Im Rahmen des Projektes „Schüler lesen Zeitung“ organisierte die Leipziger Volkszeitung einen Besuch des Mibrag-Tagebaues Vereinigtes Schleenhain mit dem Ziel, den Schülern der Fachrichtung Biotechnologie des Beruflichen Gymnasiums die Rekultivierung von Tagebauflächen vor Ort zu erklären.

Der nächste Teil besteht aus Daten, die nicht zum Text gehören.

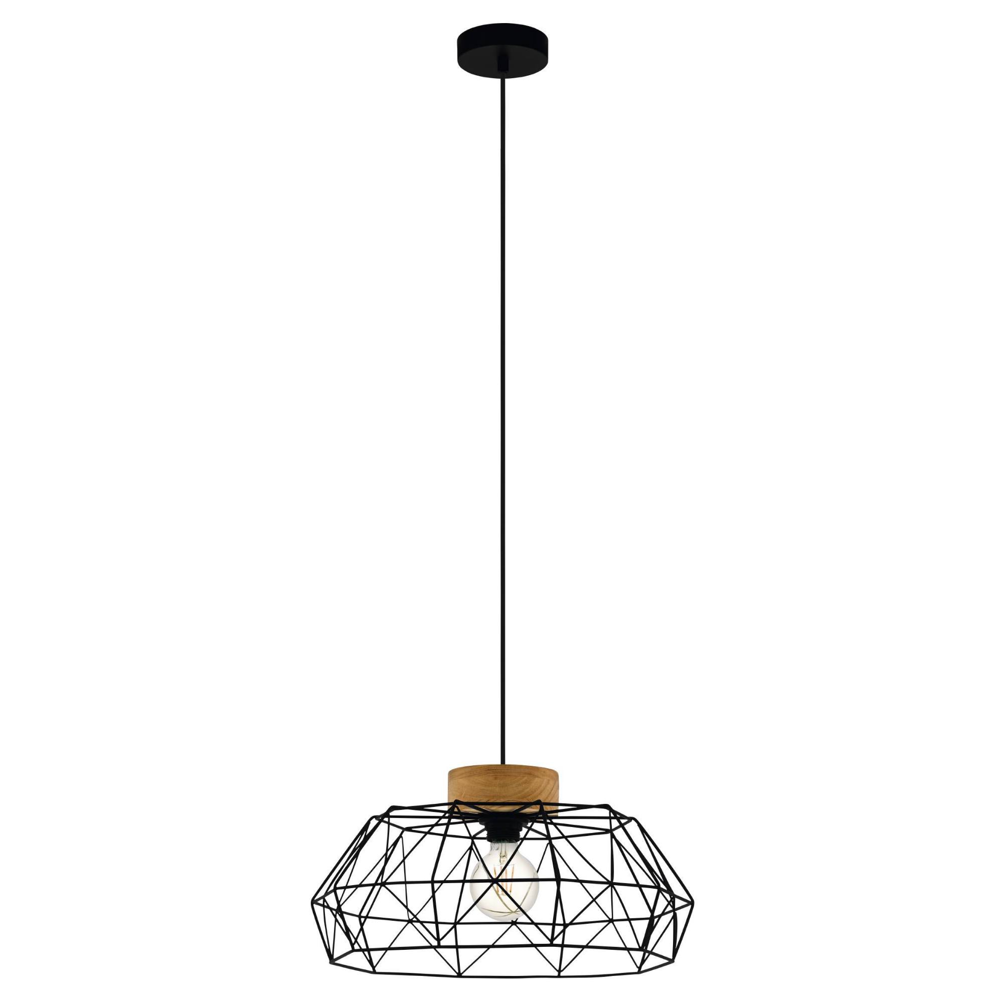 Závesné svietidlo PADSTOW - čierny kov/svetlé drevo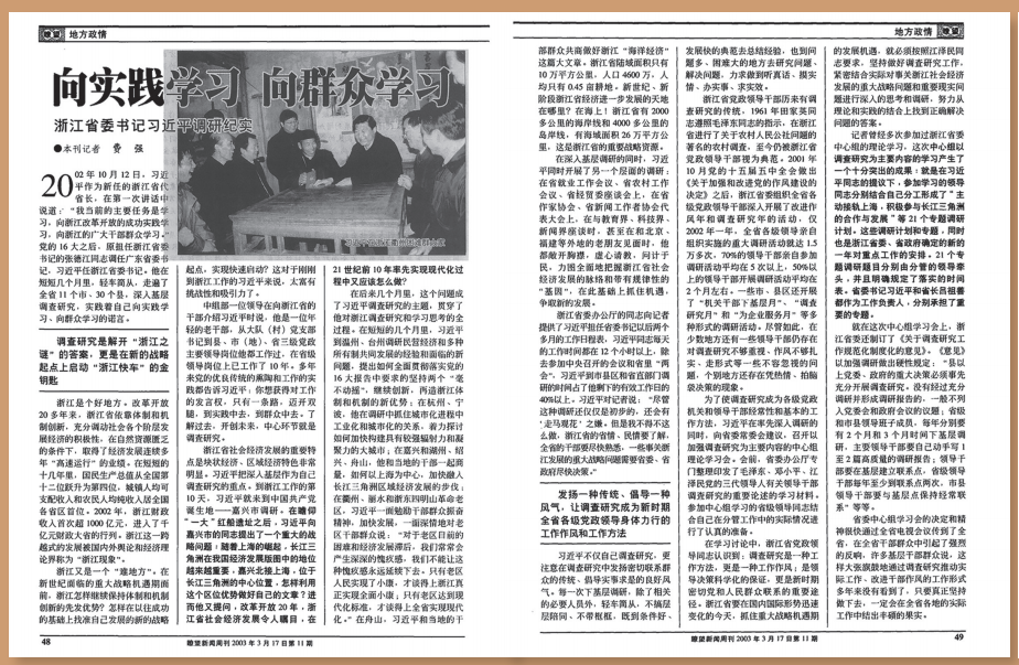 時(shí)任新華社浙江分社社長(zhǎng)的費(fèi)強(qiáng),曾多次隨習(xí)近平參加基層調(diào)研。2003年3月17日第11期、2004年4月12日第15期《瞭望》先后刊發(fā)了費(fèi)強(qiáng)采寫(xiě)的深度報(bào)道《向?qū)嵺`學(xué)習(xí) 向群眾學(xué)習(xí)——浙江省委書(shū)記習(xí)近平調(diào)研紀(jì)實(shí)》《從“調(diào)研開(kāi)局”到“調(diào)研開(kāi)路”——中共浙江省委常委會(huì)求真務(wù)實(shí)紀(jì)實(shí)》。文章記錄了習(xí)近平同志任浙江省委書(shū)記期間,以特色鮮明的基層調(diào)研迅速打開(kāi)工作局面的生動(dòng)過(guò)程。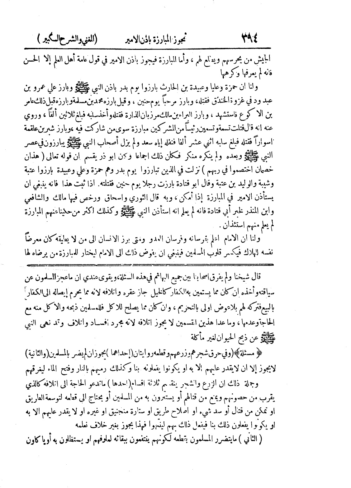 الحاجة وعدمها، وما عدا هذين القسمين لا يجوز إتلافه لأنه مجرد إفساد وإتلاف وقد نهى النبي صلى الله عليه وسلم عن ذبح الحيوان لغير مأكله (مسألة) (وفي حرق شجرهم، وزرعهم وقطعه روايتان (إحداهما) يجوز إن لم يضر بالمسلمين (والثانية) لا يجوز إلا أن لا يقدر عليهم إلا به أو يكونوا يفعلونه بنا وكذلك رميهم بالنار وفتح الماء ليغرقهم وجملة ذلك أن الزرع والشجر ينقسم ثلاثة أقسام (أحدها) ما تدعو الحاجة إلى إتلافه كالذي يقرب من حصونهم ويمنع من قتالهم أو يستترون به من المسلمين أو يحتاج إلى قطعه لتوسعة الطريق أو تمكن من قتال أو سد شئ أو اصلاح طريق أو ستارة منجنيق أو غيره أو لا يقدر عليهم إلا به أو يكونوا يفعلون ذلك بنا فيفعل ذلك بهم لينتهوا فهذا يجوز بغير خلاف نعلمه (الثاني) ما يتضرر المسلمون بقطعه لكونهم ينتفعون ببقائه لعلوفهم أو يستظلون به أو يأكلون

Mit dem Bus begaben sich die Schüler der beiden Klassen, BG 14a und BG 14b, pünktlich um 09.00 Uhr in Richtung Tagebau. Nach ca. 20 minütiger Busfahrt wurden sie von zwei Verantwortlichen der Mibrag empfangen und stiegen dann in einen Transportwagen um, der die Schüler in die etwa 100 Meter tiefe Kohlegrube beförderte. Das etwa 200 Hektar große Areal hatte den Anschein eines außerirdischen Kraters. Da sich aber in dieser scheinbaren Mondlandschaft Menschen und Maschine bewegten, wurde schnell klar, dass hier viele Faktoren zusammenpassen müssen, damit ein solches Projekt funktioniert. Be-

sonders beeindruckend für die Schüler war, als sie vor einem 30 Meter hohen und 1720 Tonne schweren Bagger standen, der die Kohle aus dem Flöz fördert. Dieser Moment musste von den Schülern bildlich festgehalten werden und wirkt als Klassenfoto natürlich besonders beeindruckend. Einige Schüler konnten auch der Versuchung nicht widerstehen, als Erinnerung ein Stück Rohkohle mitzunehmen. Danach verließen wir die Sohle des Tagebaues wieder und die Diplom-Forstwirtschaftlerin Frau Sandra Tieg erklärte, wie ein ausgekohlter Tagebau der Natur wieder zugeführt wird. Primäre Aufgabe sei es dabei, den kargen Boden der Tagebaufläche wieder fruchtbar zu machen. Nach dem Kohleabbau müssen die Flächen 7 Jahre lang landwirtschaftlich mit den verschiedensten Feldfrüchten bewirtschaftet werden, bevor sie an regionale Landwirte zurückgegeben werden können. Dies sei eine aufwendige und schwierige Aufgabe, erklärte Frau Tieg, aber für eine ordentliche Rekultivierung unerlässlich. In dieser Zeit müssen viele Firmen bei den anstehenden Maßnahmen jahrelang Hand in Hand arbeiten. Der Eingriff in die Landschaft und die folgende Rekultivierung sind dabei als Komplex zu sehen, erklärte sie weiter. „Nach der Auskohlung müssen auch noch die Mittel zur Verfügung stehen, um der Landschaft wieder ein ansehnliches Bild zu geben“, sagte Tieg. Wie dies aussehen kann, davon konnten sich die Schüler überzeugen, als die letzte Etappe des Besuches in Angriff genommen wurde. Die Schüler fuhren auf den 163 Meter hohen „Neuen Geyersberg“ von dem man eine gute 360-Grad-Rundsicht hat und so einen Gesamteindruck über das Gebiet des Leipziger Südraumes erhält. Da inzwischen auch die Sonne zum Begleiter wurde, wären die Schüler noch gern etwas länger geblieben, um die herrliche Aussicht zu genießen, doch 11.30 Uhr fuhr der Bus wieder zur Schule nach Böhlen zurück.

Es war ein interessanter Ausflug, der den Schülern verdeutlicht hat, welche Anstrengungen notwendig sind, um die Natur und damit das Lebensumfeld in einer hohen Qualität zu erhalten.